Noah heard his sister’s voice and calmed down as her mittened hand patted his back. She was not much bigger than he, but she thought of herself as his little mother, taking him under her wing, a two-year-old biddy hen.
Kate’s shoulder slammed into Hans’s as the wagon swung hard to the right, straightened, and then continued its descent. Steam came from the horses’ nostrils in small gray puffs, their exertion showing now in the dark, wet hair around their harnesses.
When they finally found level ground, Kate breathed out as she let the rigid set of her shoulders slump, glad to have navigated that long, steep downhill safely.
The roaring of the wind in the treetops increased now. The snow was only little bits hitting their faces, but as the tree tops lunged and swayed, showers of snow whipped across them, the horses bending their faces along with them, to avoid the stinging.
Hans leaned forward, urging them on, calling loudly. The horses responded by lowering their backs and giving a strong lunge against their heavy collars so that the bobsled whispered through the deep snow.

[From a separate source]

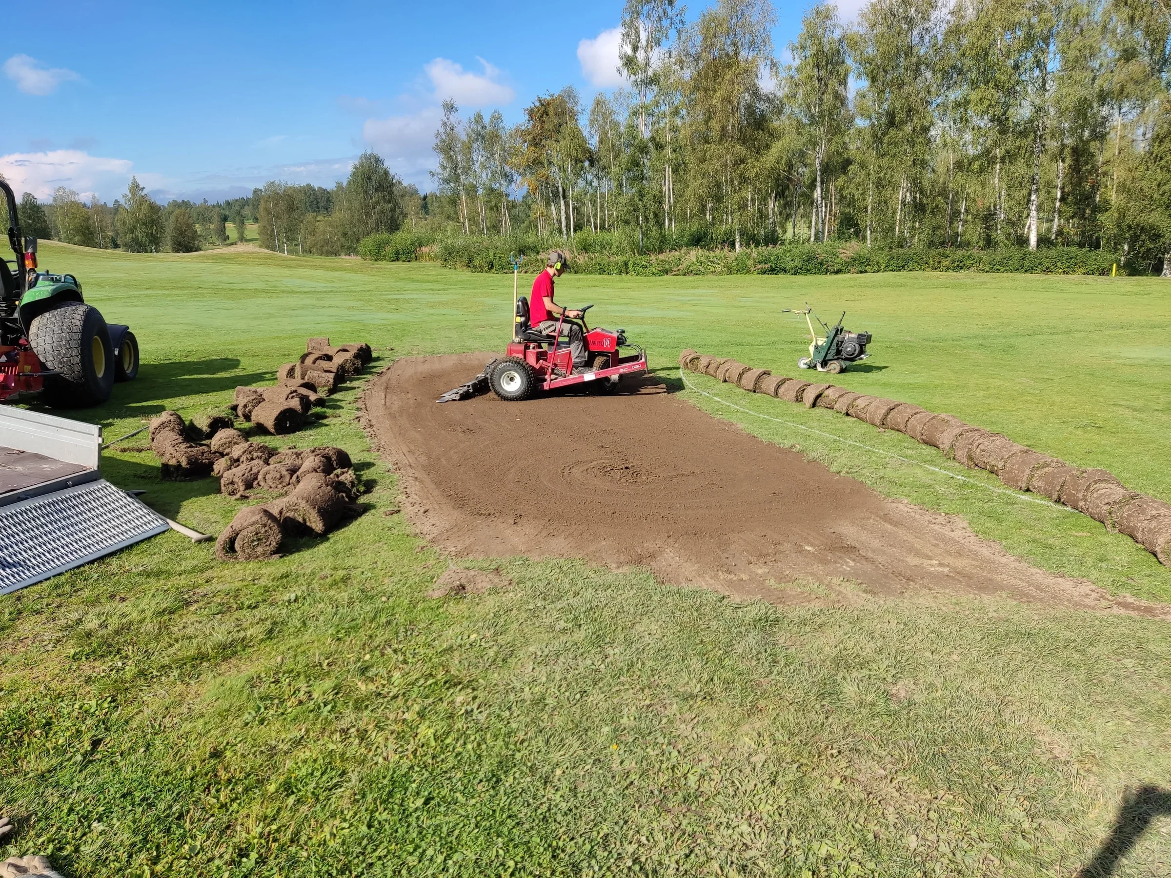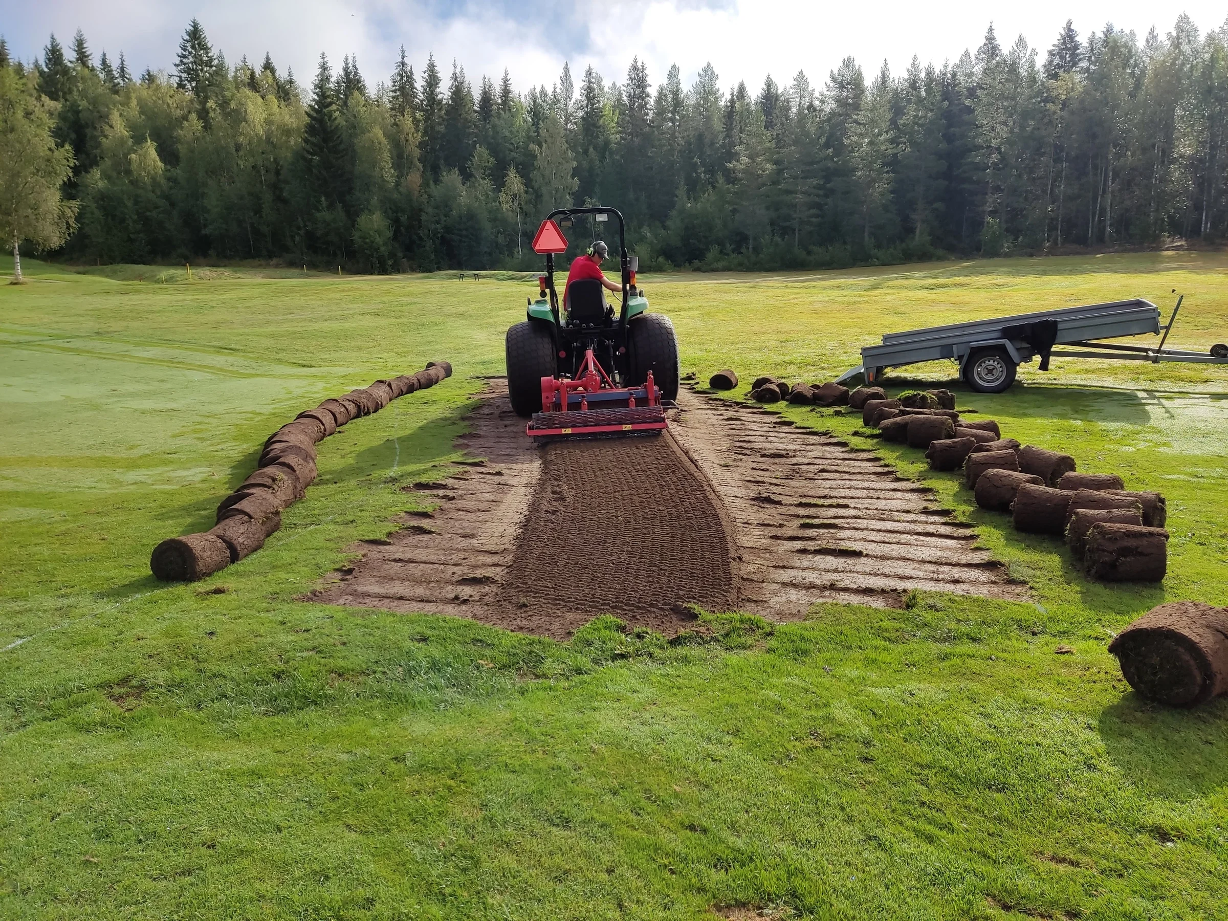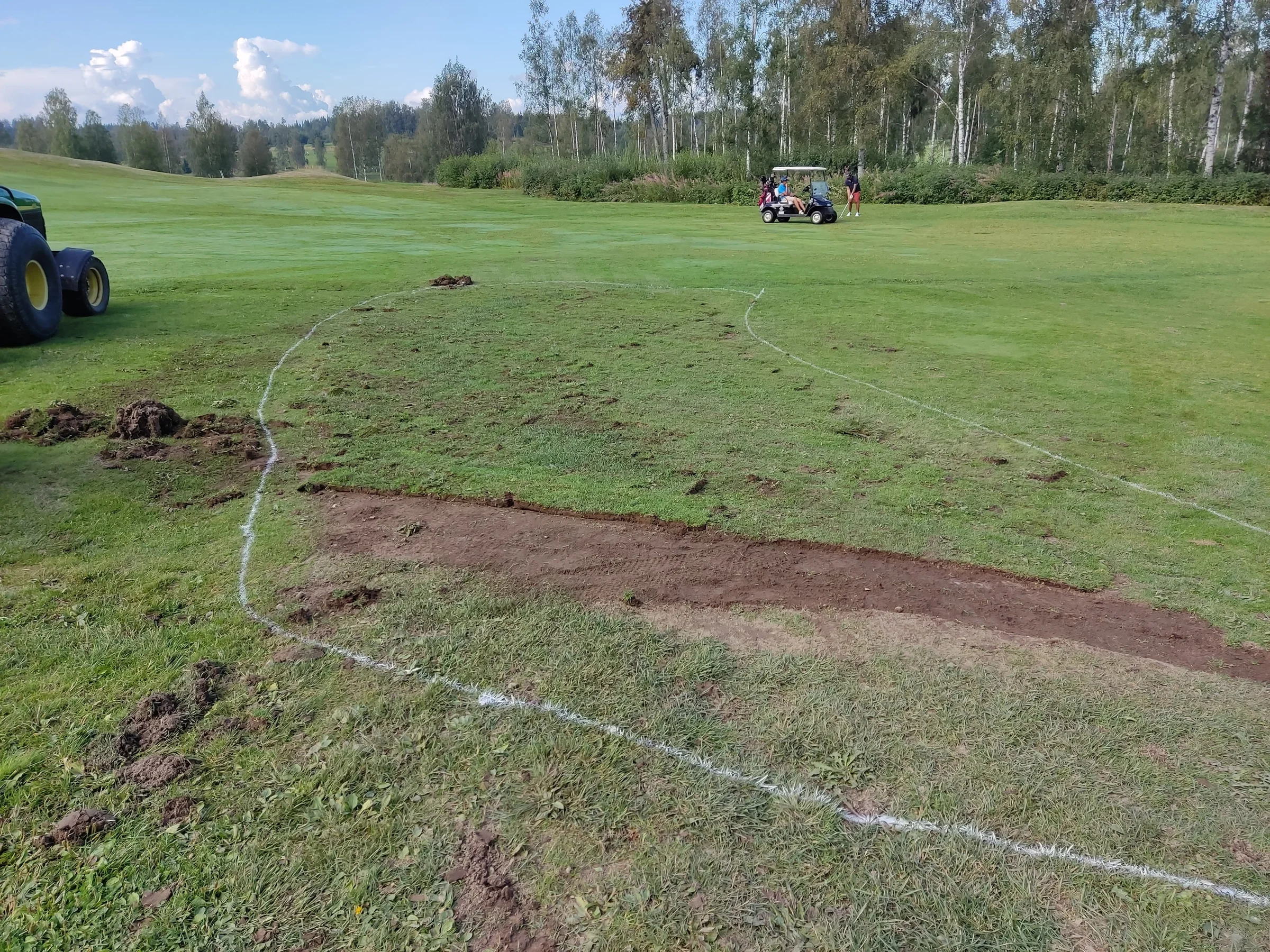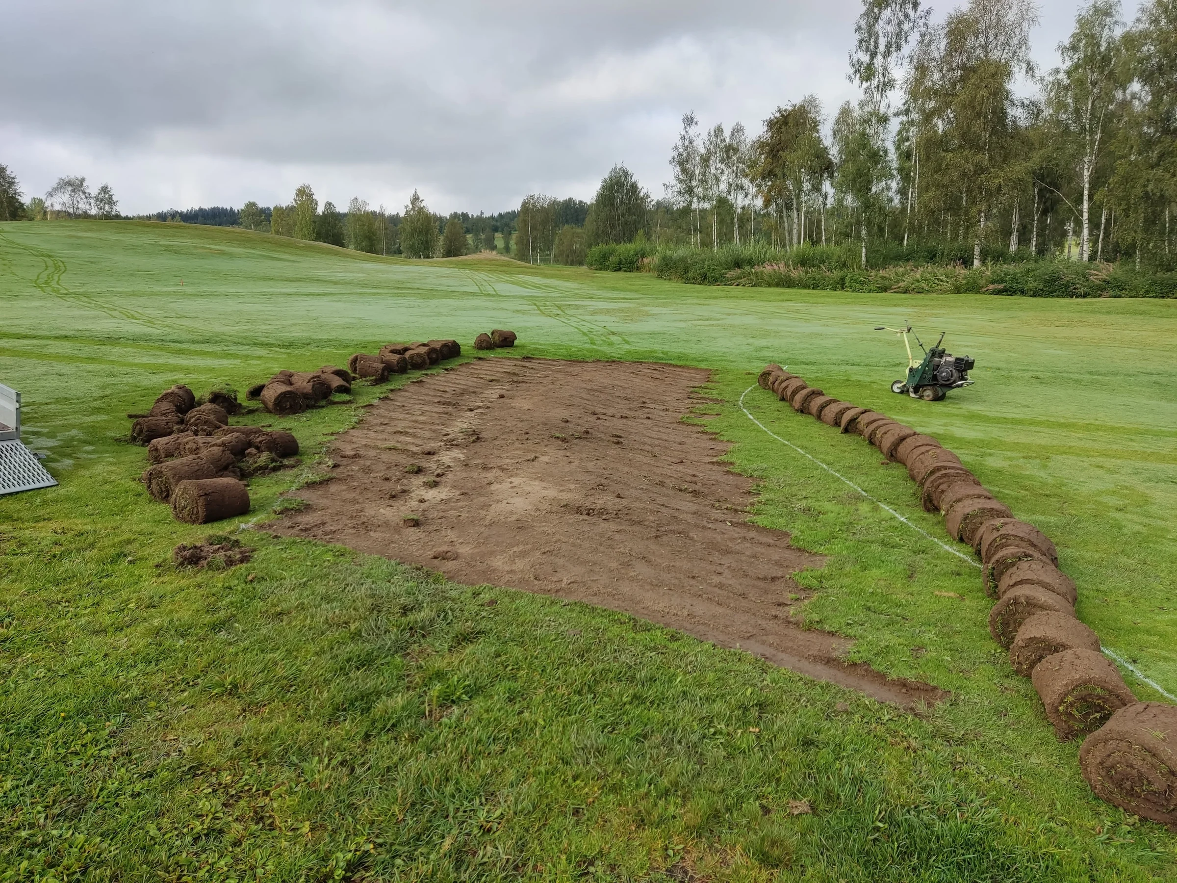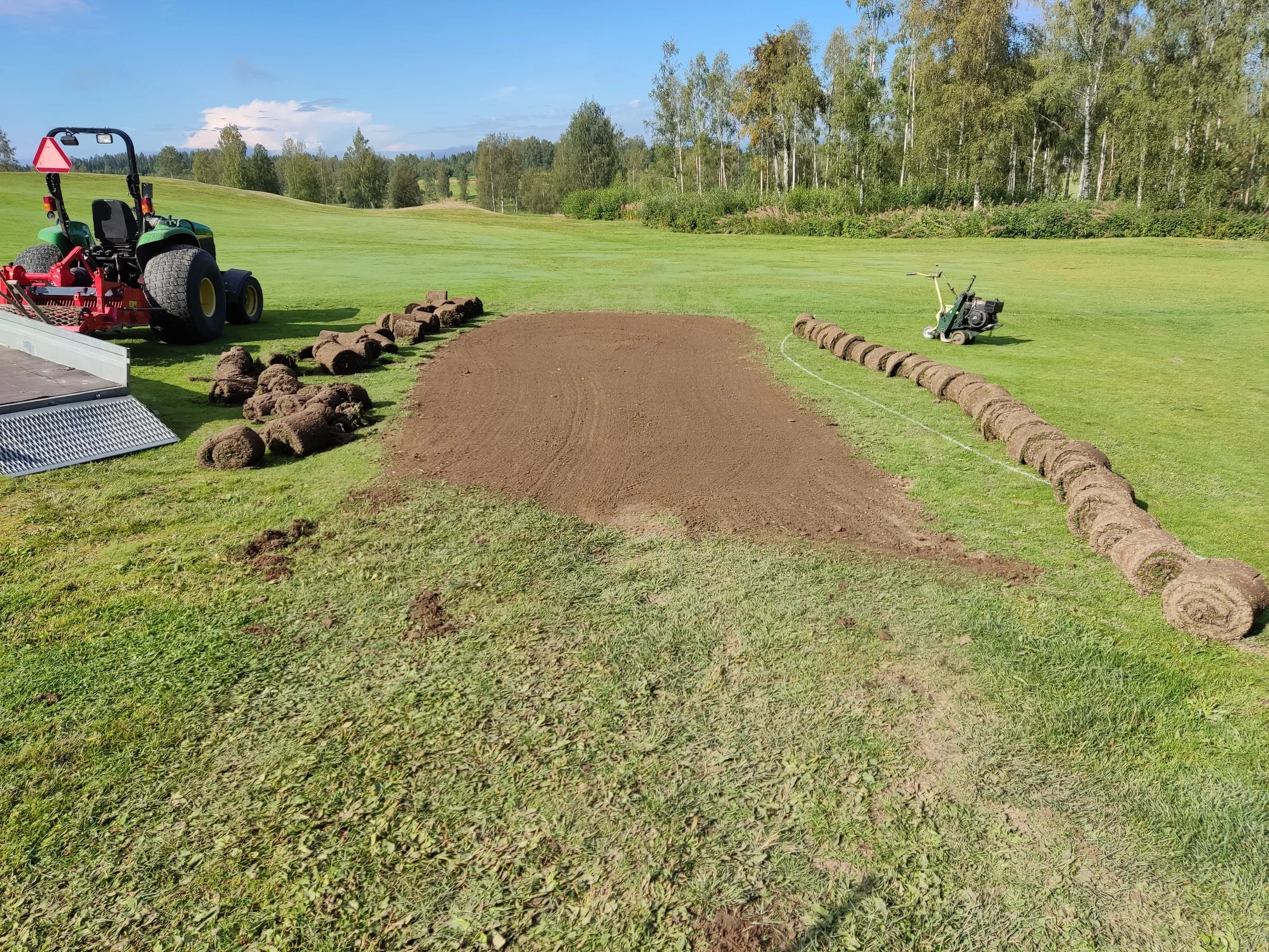 Vi har gjort en liten försöksyta på fairway hål 8. Målet va att prova några metoder hur man ska tackla ojämnheter. Denna yta innehöll både högpunkter och svackor. Troligen en gammal dränering som satt sig.

Whether they hit a rock, or one runner went into a ditch, or one of the horses slipped, Kate could never be sure. She knew only that there was a sharp thud as if the bobsled had slammed against a tree. She heard a resounding crack of wood splitting and felt herself falling sideways, her only thought for Isaac, her sleeping son.
Everything turned into pandemonium after that. Horses whinnied in terror, unable to understand the jutting of the broken singletree that pulled their heavy collars taut to their sweating neck muscles.
Hans cried out as he lost his grip on the leather reins, although he managed to cling to the seat of the bobsled as it turned over on its side. Kate cried out hoarsely once, then remained silent as she lay in the deep fluffy whiteness. Noah screamed and kept on screaming as he was dumped into the snow, his wide, red mouth filled with it. He choked, coughed, and then resumed screaming.